● **Collected data**:
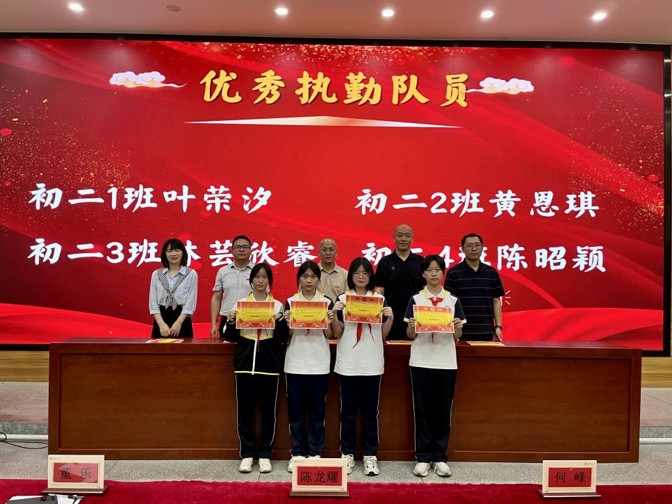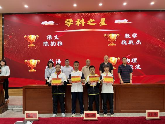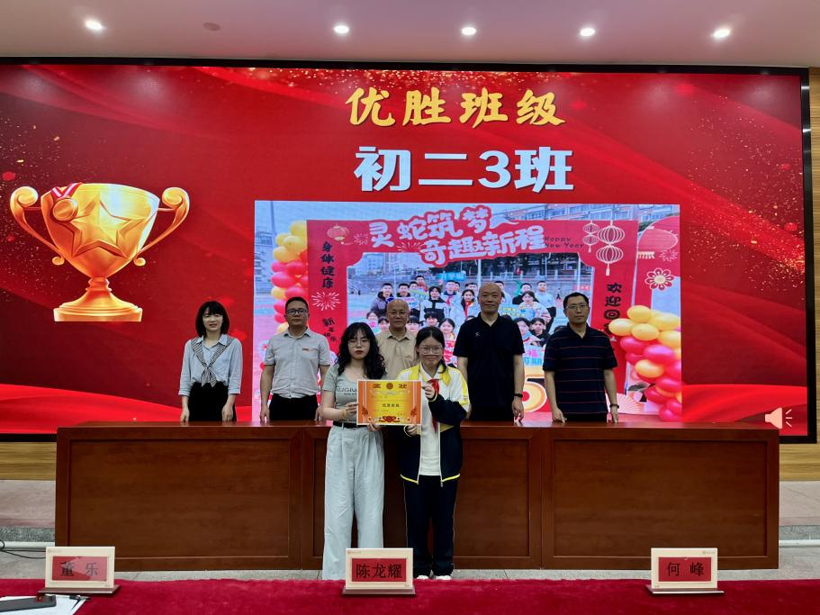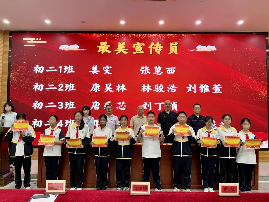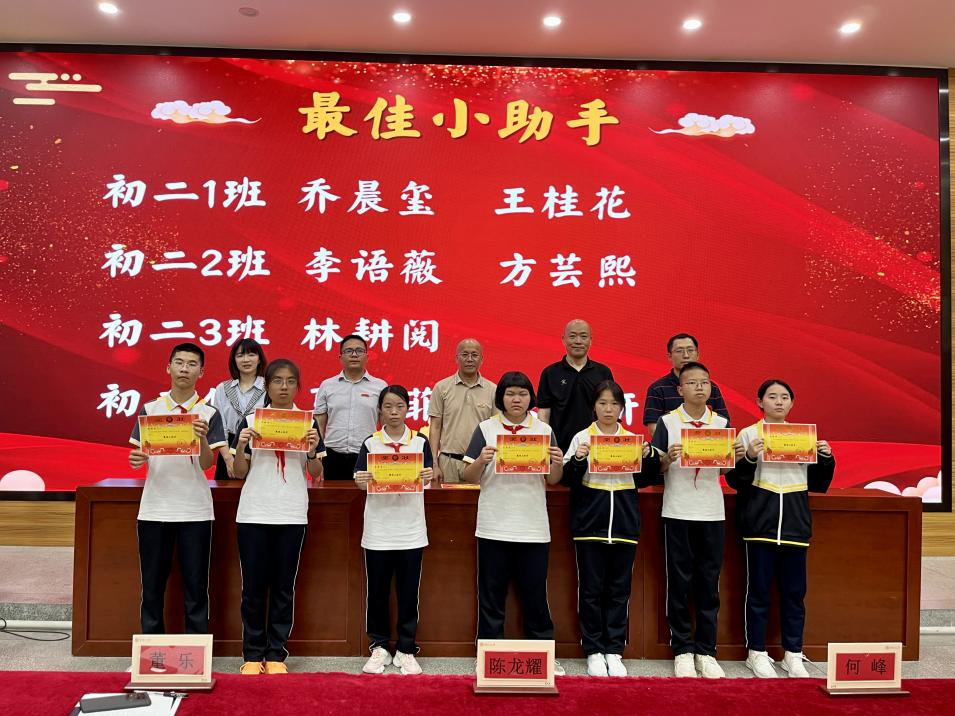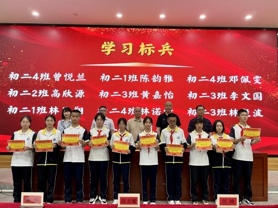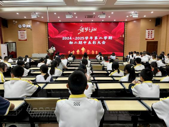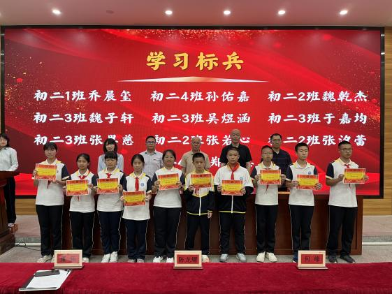 鲜衣怒马少年时,不负韶华行且知。半学期来,在初二全体师生的不懈努力、全力拼搏下,涌现出一批学习刻苦、成绩优异、进步显著的同学。本次表彰设置“学习标兵”、“学科之星”、“进步之星”、“最美宣传员”、“优秀执勤队员”、“手作达人”、“配音达人”、“最佳小助手”、“优胜班级”等多个奖项,在激昂的乐声中,获奖学生在教师带领下有序上台,领导们为获奖学生颁奖并合影。
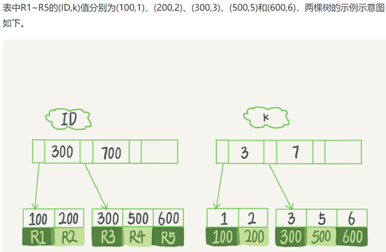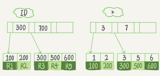 - 如果语句是select * from T where ID=500,即主键查询方式,则只需要搜索ID这棵B+树;
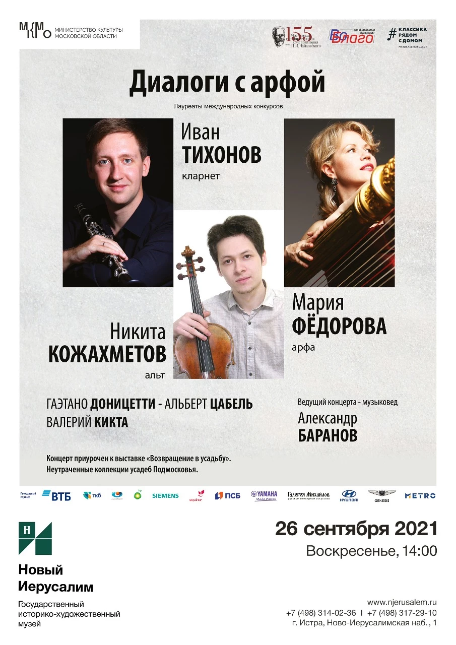 Музыкальный салон «Классика рядом с домом» и Государственный историко-художественный музей «Новый Иерусалим» представили концерт, приуроченный к выставке «Возвращение в усадьбу». Он состоялся 26 сентября в 14.00.

● **Goal of the exercise**: Recreate the listing above word for word, dropping each picture it contains.

● **Result of the exercise**:
 鲜衣怒马少年时,不负韶华行且知。半学期来,在初二全体师生的不懈努力、全力拼搏下,涌现出一批学习刻苦、成绩优异、进步显著的同学。本次表彰设置“学习标兵”、“学科之星”、“进步之星”、“最美宣传员”、“优秀执勤队员”、“手作达人”、“配音达人”、“最佳小助手”、“优胜班级”等多个奖项,在激昂的乐声中,获奖学生在教师带领下有序上台,领导们为获奖学生颁奖并合影。
 - 如果语句是select * from T where ID=500,即主键查询方式,则只需要搜索ID这棵B+树;
 Музыкальный салон «Классика рядом с домом» и Государственный историко-художественный музей «Новый Иерусалим» представили концерт, приуроченный к выставке «Возвращение в усадьбу». Он состоялся 26 сентября в 14.00.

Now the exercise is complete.